2Authority and definition process

The remuneration system is established by the Remuneration Committee, reviewed annually, and approved by the Board of Directors. The remuneration system for the Board of Directors and for the Group Management was revised in 2022. Cicor engaged the company Agnès Blust Consulting for the revision. The company Agnès Blust Consulting has had no further mandates with Cicor since then.

The Board of Directors annually approves the remuneration of the members of the Board of Directors and the Group Management, including the determination of the basic remuneration and the definition of the targets and other parameters for the short-term incentive plan and the long-term incentive plans, based on the proposals of the Remuneration Committee and within the limits approved by the shareholders.

The Board of Directors annually submits a proposal to the Annual General Meeting (AGM) for the approval of a maximum aggregate amount of remuneration for the Board of Directors for the period until the next Annual General Meeting and for the Group Management for the next financial year following the Annual General Meeting.

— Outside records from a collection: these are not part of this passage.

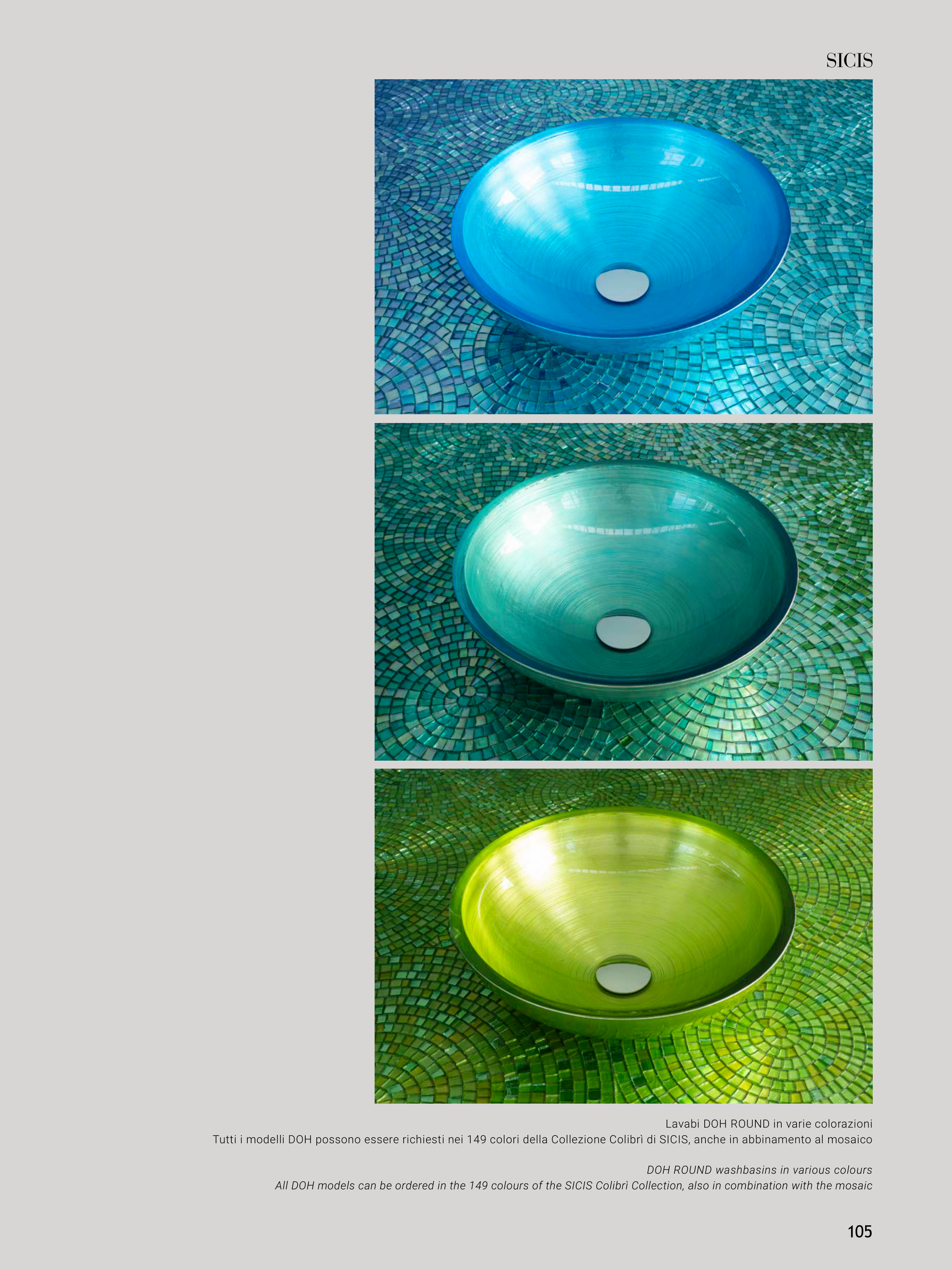 Tutti i modelli DOH possono essere richiesti nei 149 colori della Collezione Colibrì di SICIS, anche in abbinamento al mosaico
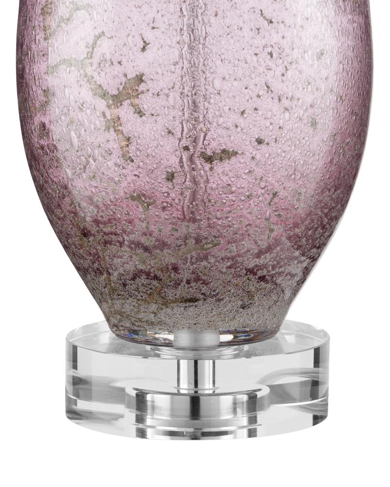 The Optimist Purple Table Lamp is made of muted lavender mouth-blown glass with speckled artisanal patterns running along its surface, the stippling a mark of true artistry that illustrates the handmade aspect of this work of art. Sitting atop an optic crystal base, the pale purple body is topped with an off-white linen shade that brings added elemental style to the glass lamp. The hardware and finial in an antique nickel finish are also warm elements.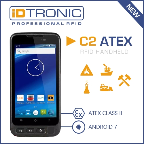 iDTRONIC als führender Anbieter für robuste und leistungsstarke RFID Handheld Reader hat ein neues mobiles Handlesegerät auf den Markt gebracht. iDTRONIC hat zusammen mit seinem Partner ein widerstandsfähiges und handliches RFID Lesegerät für explosionsgefährdete Zonen entwickelt. Die Besonderheit des neuen C2 ATEX liegt in der ATEX Class II Zertifizierung (2014/34/EU: II 2 G Ex ib IIC T3 Gb, II 2 D Ex tb III T3 Db). Es ist widerstandsfähig gegen chemische Stoffe, raue Umgebungen mit hohem Staubaufkommen oder Steinschläge. Typische Einsatzgebiete für das C2 ATEX sind: Explosions-gefährdete Gebiete, Chemische Industrie, Erdöl-Industrie, Baustellen und Bergbau.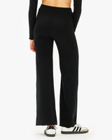 Luxe legwear: a perfect high-rise pant in a dressy wide-rib knit. She has a mid-width leg, banded waist and pretty lettuce-edge trim.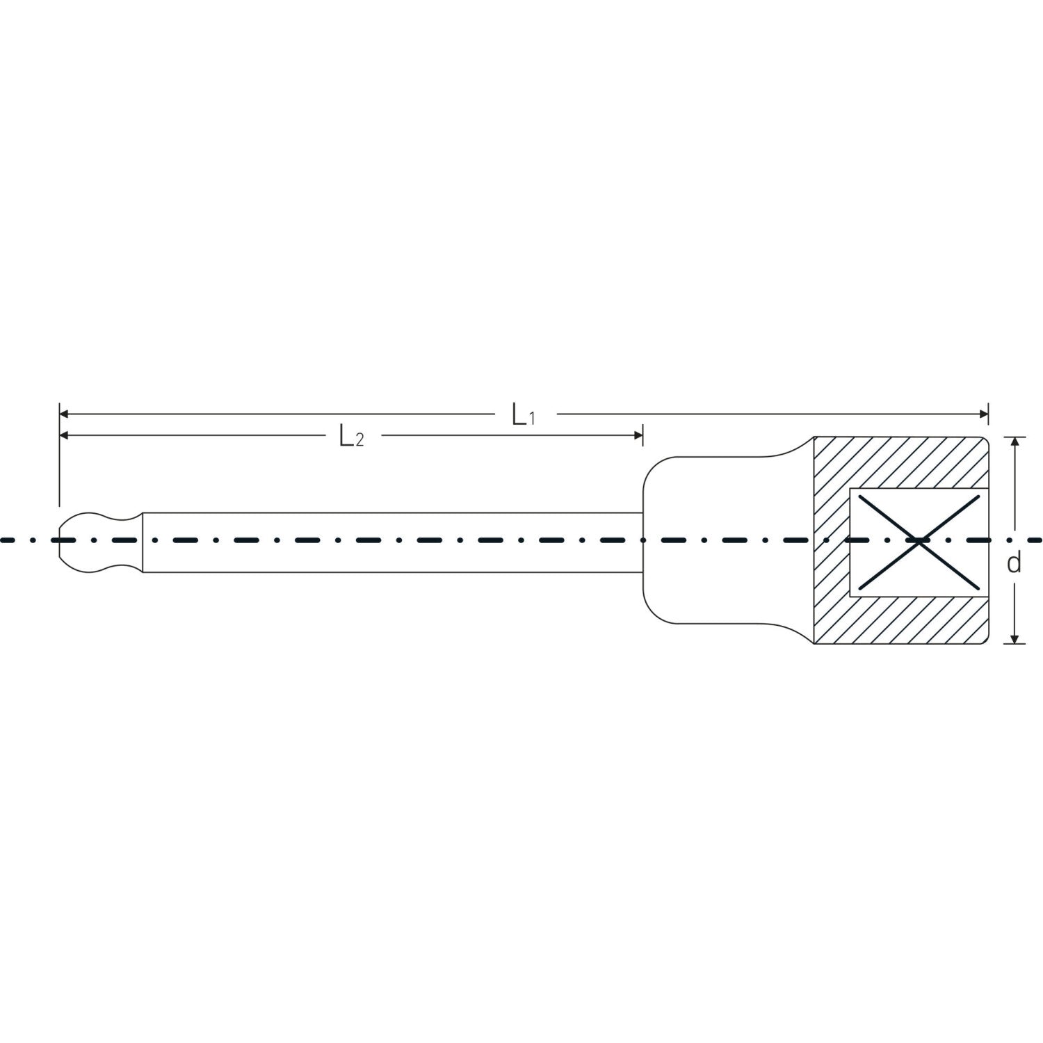 This ball-ended tool is designed for hex socket head screws and features a 1/2" internal square drive for secure connection. It allows a swivel angle of up to 25° to each side, enabling flexible operation. Manufactured from Chrome Alloy Steel and chrome-plated, it ensures strength and durability.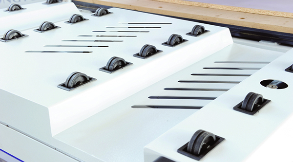 ◆上料滾輪裝置,減小板材與臺面的摩擦,保護(hù)板材表面。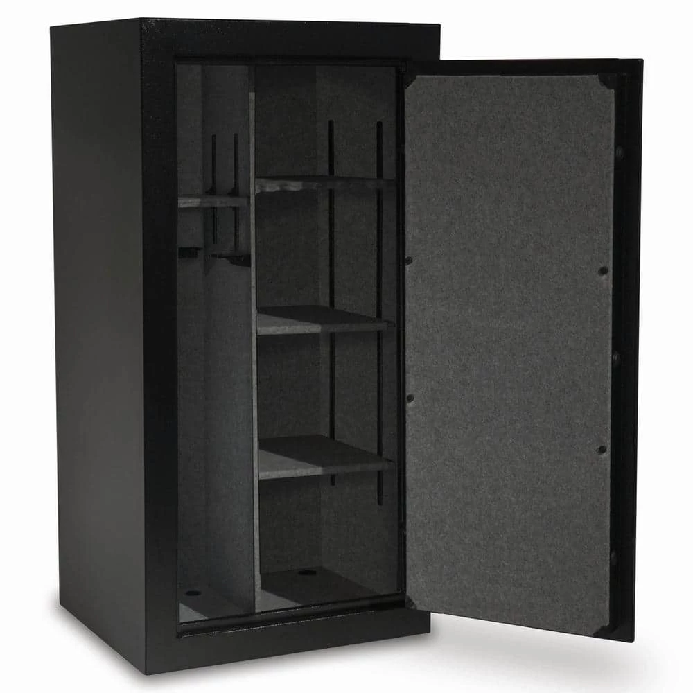The Sports Afield Instinct 30-Gun Biometric Fireproof Safe, SA5529INS-BIO, taps into our raw, instinctive desire to protect our home, family, and belongings. This gun safe is built for strength and security with its rugged steel body, quick access biometric lock, and two override keys to ensure you have access when you need it the most. Register up to 100 fingerprints to capture multiple positions of the same fingerprint or multiple users. Convert the interior to suit your needs with the adjustable shelves and the moveable scoped rile standoffs. The industrial design with its sleek Textured Matte Black powder coat finish and durable Matte Black drop handle creates a subtle accent and leaves a lasting impression. If you ever need it, our best-in-class Lifetime Warranty covers your entire safe against theft, fire, natural flood, and defective locks, parts, and paint.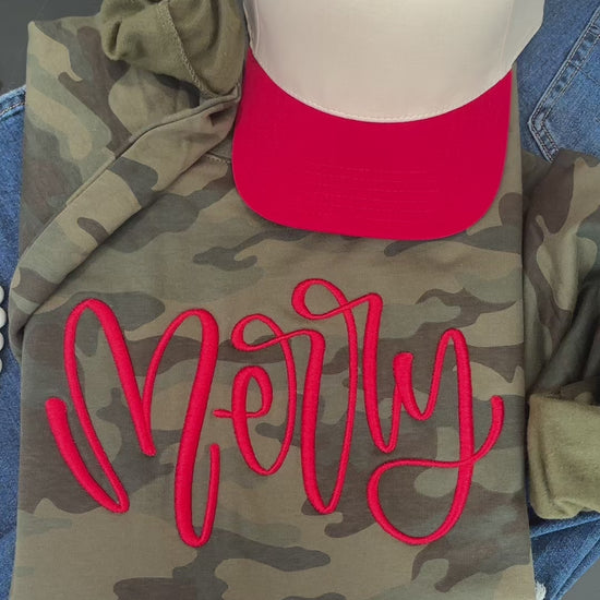 Camo “Merry” Sweatshirt – Red 3D Puff Embroidery (EXTREMELY Limited!)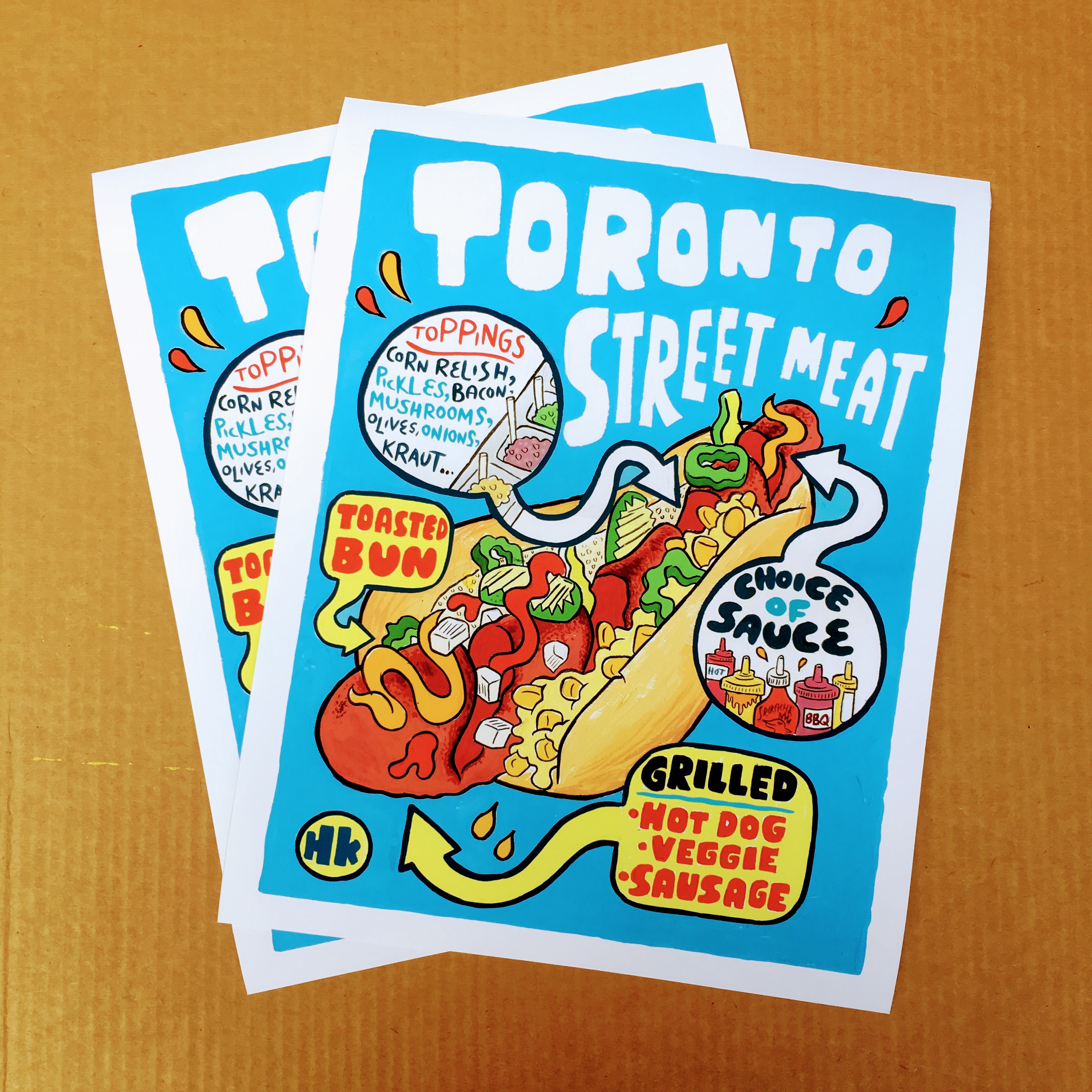 BACK IN STOCK for the first time in a while! From the original hot hog painting series, Toronto's wild, infamous grilled street dogs, topped with any manner of crazy ingredients (yes, even ketchup!!).

If, after the remuneration has been prospectively approved by the Annual General Meeting, the Group Management is expanded or a member of the Group Management is promoted or replaced, there is, pursuant to the Articles of Incorporation, an additional amount available. The total additional remuneration may not exceed 50% of the total amount of fixed and variable remuneration approved by the Annual General Meeting for the relevant period.

The Board of Directors also submits a proposal to the Annual General Meeting to approve the previous year's remuneration report by way of a consultative vote.

The Remuneration Committee comprises one or more Board members. It currently consists of:

  • Daniel Frutig, Chairman (as from 15 April 2021)
  • Konstantin Ryzhkov (as from 16 July 2021)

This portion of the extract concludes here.